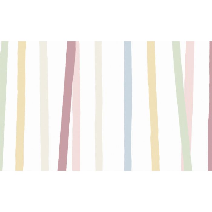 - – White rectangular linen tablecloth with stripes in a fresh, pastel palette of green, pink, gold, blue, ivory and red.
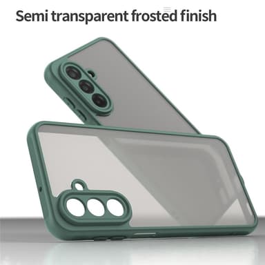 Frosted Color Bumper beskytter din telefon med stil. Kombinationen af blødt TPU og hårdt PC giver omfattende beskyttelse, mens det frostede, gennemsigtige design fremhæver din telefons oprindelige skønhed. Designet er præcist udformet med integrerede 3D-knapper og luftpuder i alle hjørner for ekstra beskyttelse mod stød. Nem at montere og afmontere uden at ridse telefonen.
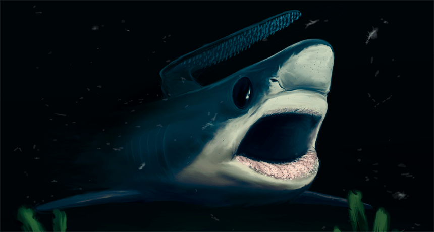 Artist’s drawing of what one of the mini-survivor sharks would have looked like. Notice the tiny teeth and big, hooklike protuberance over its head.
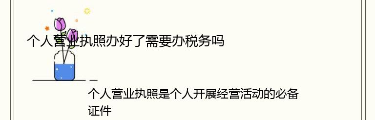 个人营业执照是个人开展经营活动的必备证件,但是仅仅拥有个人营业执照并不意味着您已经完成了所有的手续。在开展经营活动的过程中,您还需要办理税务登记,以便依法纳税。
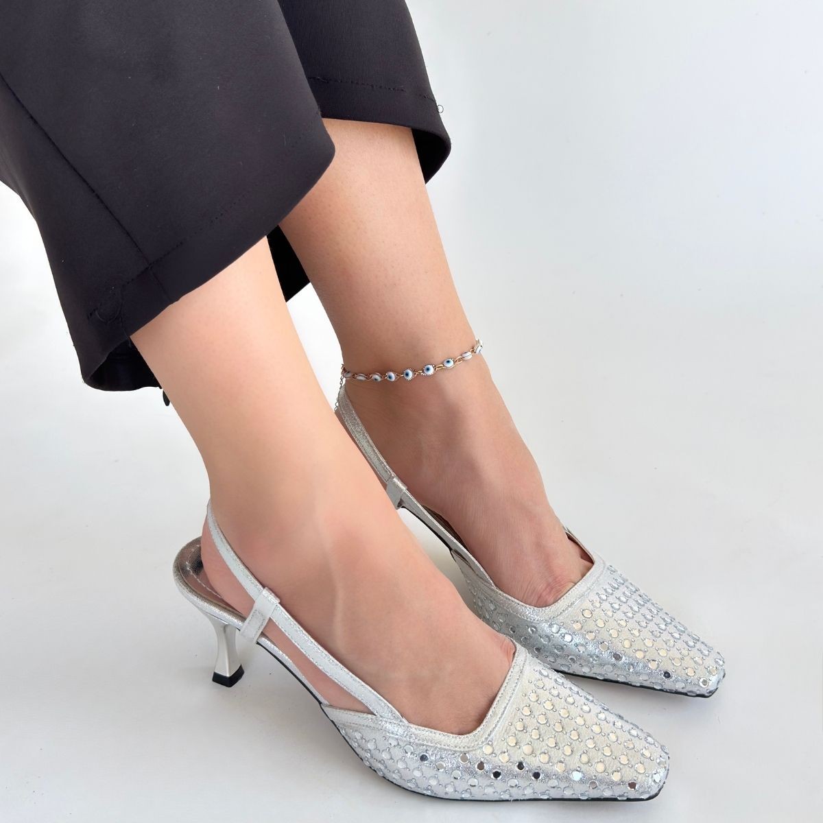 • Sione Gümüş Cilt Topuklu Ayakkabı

...

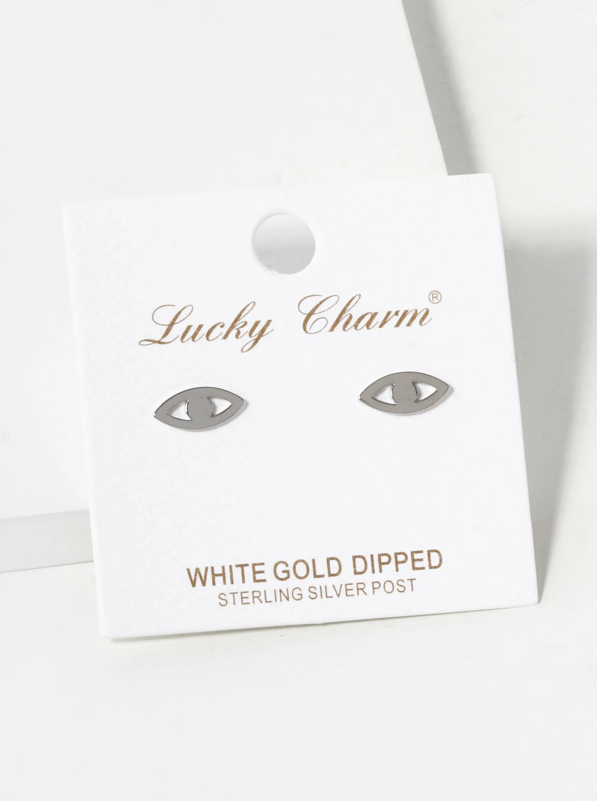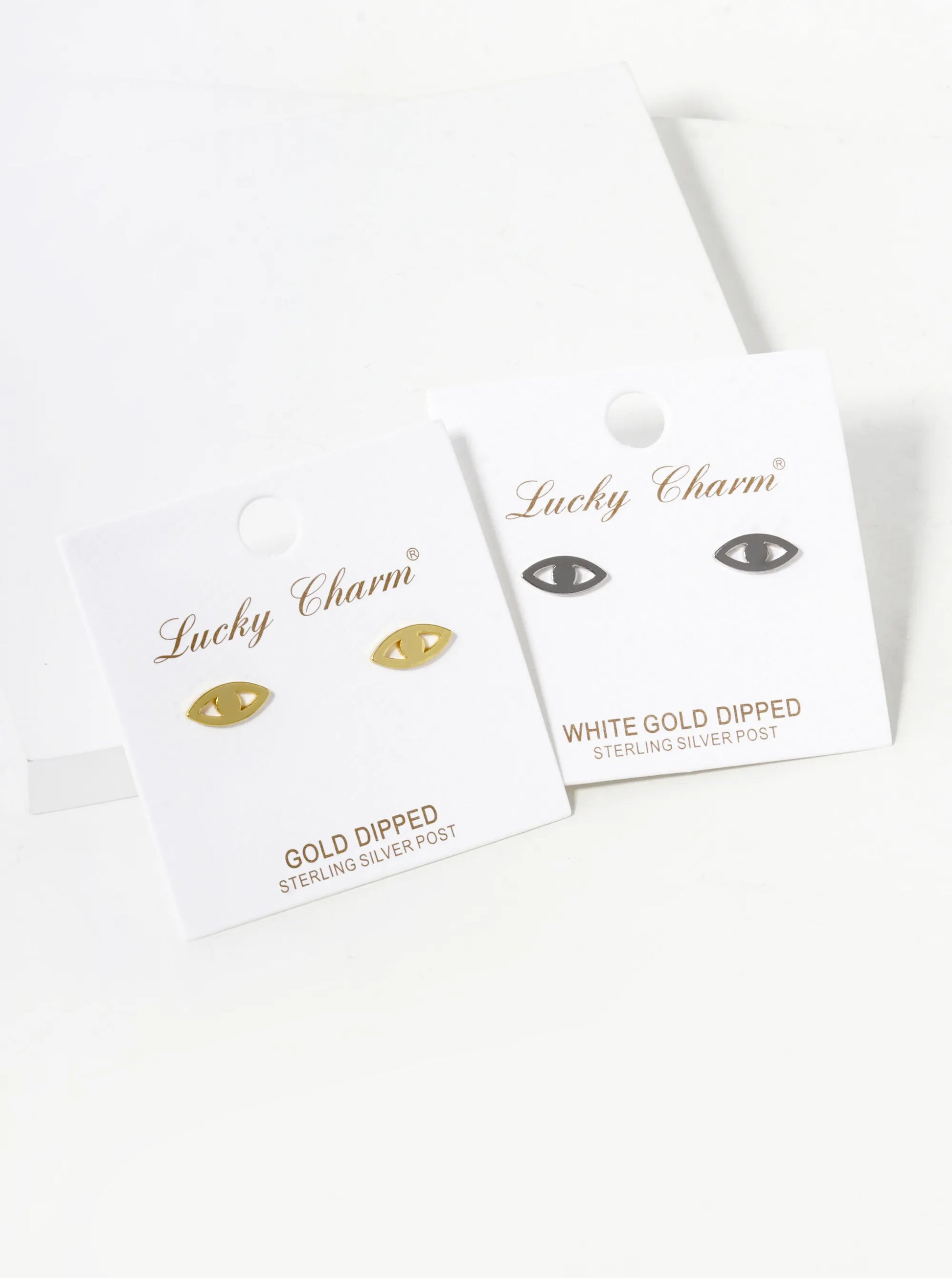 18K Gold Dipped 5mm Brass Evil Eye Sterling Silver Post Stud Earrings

__PROBLEM TO SOLVE__:
Return exactly the lines that appear in the data above between the line containing "- – White rectangular" and the line containing "Frosted Color Bumper", both of which are included, and leave the pictures out.

__THE ANSWER__:
 - – White rectangular linen tablecloth with stripes in a fresh, pastel palette of green, pink, gold, blue, ivory and red.
 Frosted Color Bumper beskytter din telefon med stil. Kombinationen af blødt TPU og hårdt PC giver omfattende beskyttelse, mens det frostede, gennemsigtige design fremhæver din telefons oprindelige skønhed. Designet er præcist udformet med integrerede 3D-knapper og luftpuder i alle hjørner for ekstra beskyttelse mod stød. Nem at montere og afmontere uden at ridse telefonen.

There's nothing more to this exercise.